▶ Task input

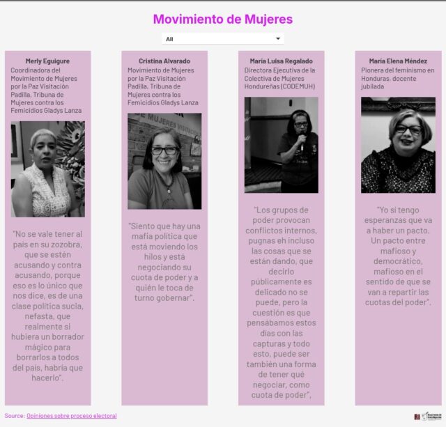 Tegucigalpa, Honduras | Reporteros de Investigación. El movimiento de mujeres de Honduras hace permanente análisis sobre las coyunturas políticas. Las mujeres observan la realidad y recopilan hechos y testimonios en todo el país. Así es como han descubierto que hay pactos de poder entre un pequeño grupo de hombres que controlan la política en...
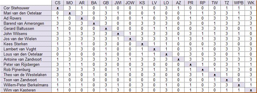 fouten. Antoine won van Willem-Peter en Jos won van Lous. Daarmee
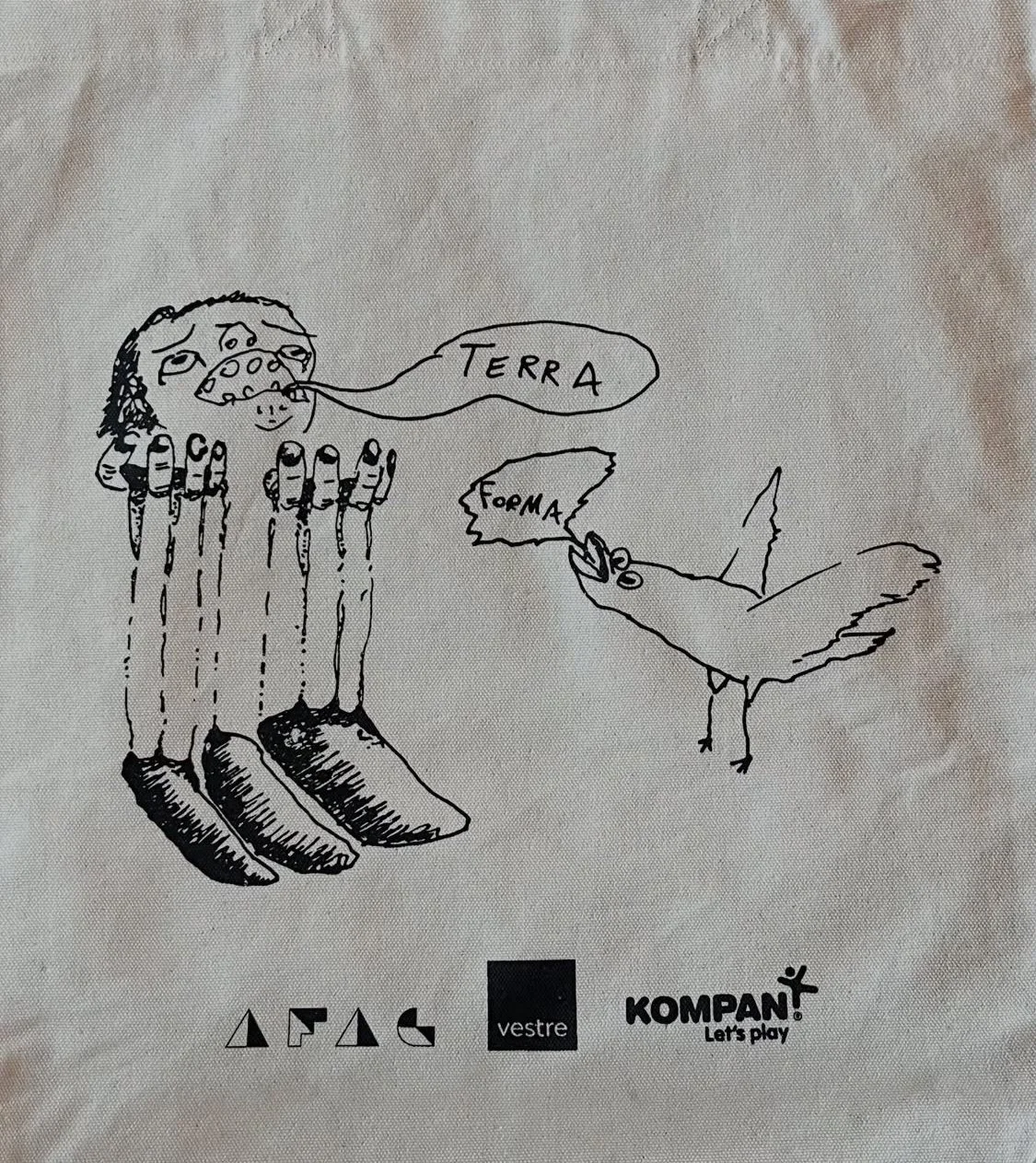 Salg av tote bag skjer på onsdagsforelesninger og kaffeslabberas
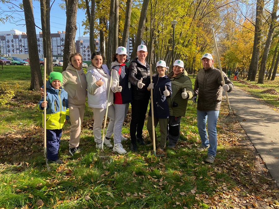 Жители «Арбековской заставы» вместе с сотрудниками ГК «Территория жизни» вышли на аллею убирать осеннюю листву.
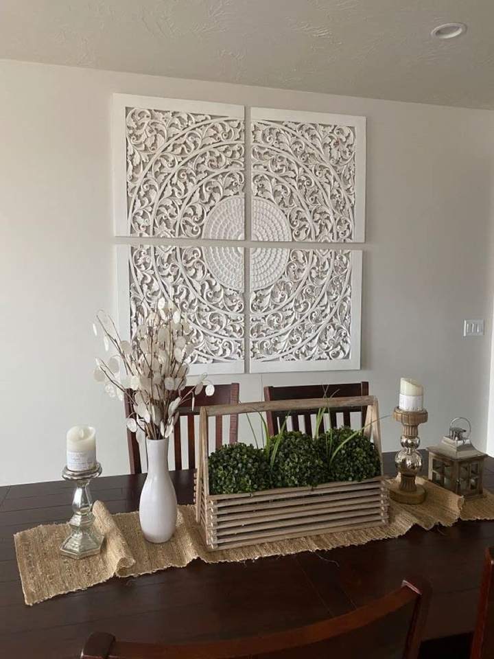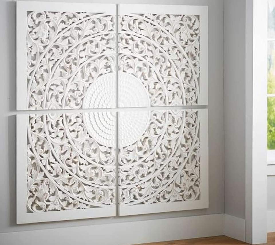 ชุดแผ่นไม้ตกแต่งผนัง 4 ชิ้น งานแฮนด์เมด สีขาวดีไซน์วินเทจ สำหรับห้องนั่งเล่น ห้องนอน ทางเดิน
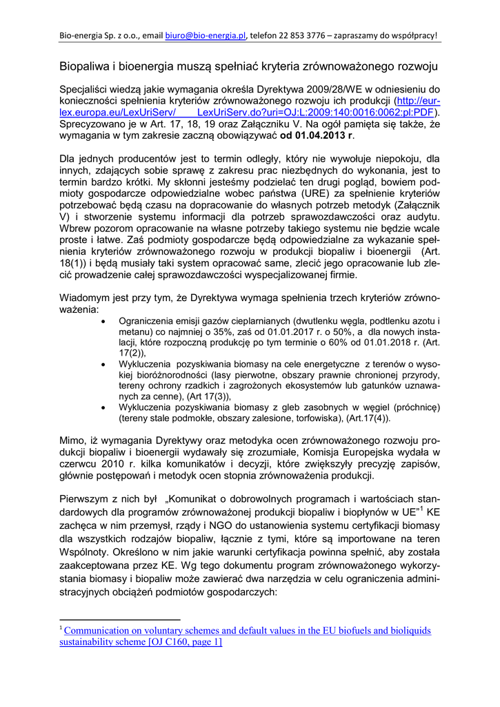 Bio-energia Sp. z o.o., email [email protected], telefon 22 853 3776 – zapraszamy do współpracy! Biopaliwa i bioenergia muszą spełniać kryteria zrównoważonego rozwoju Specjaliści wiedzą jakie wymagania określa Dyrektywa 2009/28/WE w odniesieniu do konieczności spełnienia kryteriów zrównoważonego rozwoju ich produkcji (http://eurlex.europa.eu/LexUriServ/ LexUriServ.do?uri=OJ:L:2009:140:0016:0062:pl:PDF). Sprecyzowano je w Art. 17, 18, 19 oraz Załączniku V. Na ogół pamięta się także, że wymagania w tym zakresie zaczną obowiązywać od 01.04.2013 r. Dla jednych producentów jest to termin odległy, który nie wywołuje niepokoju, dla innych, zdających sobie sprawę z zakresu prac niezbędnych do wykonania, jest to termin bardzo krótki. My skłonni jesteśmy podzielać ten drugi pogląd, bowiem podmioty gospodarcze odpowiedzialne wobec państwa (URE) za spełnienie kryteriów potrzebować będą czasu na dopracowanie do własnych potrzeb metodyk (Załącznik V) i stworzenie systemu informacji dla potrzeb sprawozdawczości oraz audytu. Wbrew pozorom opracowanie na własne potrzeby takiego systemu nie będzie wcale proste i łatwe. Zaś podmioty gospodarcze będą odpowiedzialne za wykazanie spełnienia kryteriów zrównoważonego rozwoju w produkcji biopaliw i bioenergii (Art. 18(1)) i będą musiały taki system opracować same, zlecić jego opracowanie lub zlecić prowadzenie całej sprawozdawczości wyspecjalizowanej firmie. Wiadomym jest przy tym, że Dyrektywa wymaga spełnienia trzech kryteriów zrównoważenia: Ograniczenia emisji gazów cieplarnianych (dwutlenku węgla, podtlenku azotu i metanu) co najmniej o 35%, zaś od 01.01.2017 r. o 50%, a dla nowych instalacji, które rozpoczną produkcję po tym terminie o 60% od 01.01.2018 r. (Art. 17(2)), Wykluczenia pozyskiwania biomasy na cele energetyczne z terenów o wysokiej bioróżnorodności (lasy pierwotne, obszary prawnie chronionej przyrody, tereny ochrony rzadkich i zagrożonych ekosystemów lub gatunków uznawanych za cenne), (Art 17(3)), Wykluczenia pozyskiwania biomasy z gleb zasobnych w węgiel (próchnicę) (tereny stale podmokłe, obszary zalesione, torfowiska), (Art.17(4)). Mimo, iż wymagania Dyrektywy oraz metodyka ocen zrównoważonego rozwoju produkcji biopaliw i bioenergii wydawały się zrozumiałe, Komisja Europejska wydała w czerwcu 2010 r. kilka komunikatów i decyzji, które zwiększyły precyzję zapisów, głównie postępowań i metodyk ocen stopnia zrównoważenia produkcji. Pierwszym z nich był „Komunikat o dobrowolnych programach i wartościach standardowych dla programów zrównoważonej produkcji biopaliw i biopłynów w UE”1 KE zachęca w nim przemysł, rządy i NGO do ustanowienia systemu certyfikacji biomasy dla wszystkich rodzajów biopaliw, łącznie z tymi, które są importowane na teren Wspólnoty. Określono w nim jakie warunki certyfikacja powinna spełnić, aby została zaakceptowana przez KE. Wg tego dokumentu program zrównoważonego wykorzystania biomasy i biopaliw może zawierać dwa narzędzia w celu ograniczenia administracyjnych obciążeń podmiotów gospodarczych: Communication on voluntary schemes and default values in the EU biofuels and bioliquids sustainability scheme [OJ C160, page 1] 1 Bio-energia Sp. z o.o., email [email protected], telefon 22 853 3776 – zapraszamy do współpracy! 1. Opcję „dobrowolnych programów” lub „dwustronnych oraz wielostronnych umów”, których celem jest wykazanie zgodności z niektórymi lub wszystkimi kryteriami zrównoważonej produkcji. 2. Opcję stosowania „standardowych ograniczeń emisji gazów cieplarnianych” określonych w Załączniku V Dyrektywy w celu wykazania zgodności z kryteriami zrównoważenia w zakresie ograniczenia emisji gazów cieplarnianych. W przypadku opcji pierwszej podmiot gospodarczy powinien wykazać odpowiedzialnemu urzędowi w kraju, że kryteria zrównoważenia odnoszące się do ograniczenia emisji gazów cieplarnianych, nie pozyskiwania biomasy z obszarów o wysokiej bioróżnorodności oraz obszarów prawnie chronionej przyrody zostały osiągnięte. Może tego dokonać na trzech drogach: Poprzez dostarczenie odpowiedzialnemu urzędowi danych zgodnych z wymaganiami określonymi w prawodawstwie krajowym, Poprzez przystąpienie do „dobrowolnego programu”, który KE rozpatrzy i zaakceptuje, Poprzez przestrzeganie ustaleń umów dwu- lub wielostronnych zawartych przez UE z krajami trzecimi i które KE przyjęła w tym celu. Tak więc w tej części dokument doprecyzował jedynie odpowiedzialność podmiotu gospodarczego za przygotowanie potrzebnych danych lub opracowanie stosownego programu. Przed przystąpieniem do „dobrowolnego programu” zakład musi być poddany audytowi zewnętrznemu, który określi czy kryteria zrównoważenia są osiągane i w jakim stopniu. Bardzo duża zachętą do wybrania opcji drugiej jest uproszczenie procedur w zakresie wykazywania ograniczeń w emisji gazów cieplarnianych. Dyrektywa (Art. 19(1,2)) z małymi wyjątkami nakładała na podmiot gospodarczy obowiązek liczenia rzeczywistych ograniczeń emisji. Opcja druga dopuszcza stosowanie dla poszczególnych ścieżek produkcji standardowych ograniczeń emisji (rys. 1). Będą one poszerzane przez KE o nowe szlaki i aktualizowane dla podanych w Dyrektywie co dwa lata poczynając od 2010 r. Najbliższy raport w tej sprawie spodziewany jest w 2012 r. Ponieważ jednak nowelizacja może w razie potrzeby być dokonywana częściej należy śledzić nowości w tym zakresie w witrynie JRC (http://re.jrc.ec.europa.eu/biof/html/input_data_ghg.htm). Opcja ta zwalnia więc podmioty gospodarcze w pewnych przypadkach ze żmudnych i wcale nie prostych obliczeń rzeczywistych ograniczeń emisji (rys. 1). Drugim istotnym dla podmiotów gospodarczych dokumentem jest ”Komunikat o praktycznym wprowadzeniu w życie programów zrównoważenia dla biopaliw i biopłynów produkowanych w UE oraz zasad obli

▶ Required work
To complete this exercise, transcribe exactly the lines above from the one that holds "fouten. Antoine won" through the one that holds "убирать осеннюю листву.". Pictures stay out.

▶ Task result
 fouten. Antoine won van Willem-Peter en Jos won van Lous. Daarmee
 Salg av tote bag skjer på onsdagsforelesninger og kaffeslabberas
 Жители «Арбековской заставы» вместе с сотрудниками ГК «Территория жизни» вышли на аллею убирать осеннюю листву.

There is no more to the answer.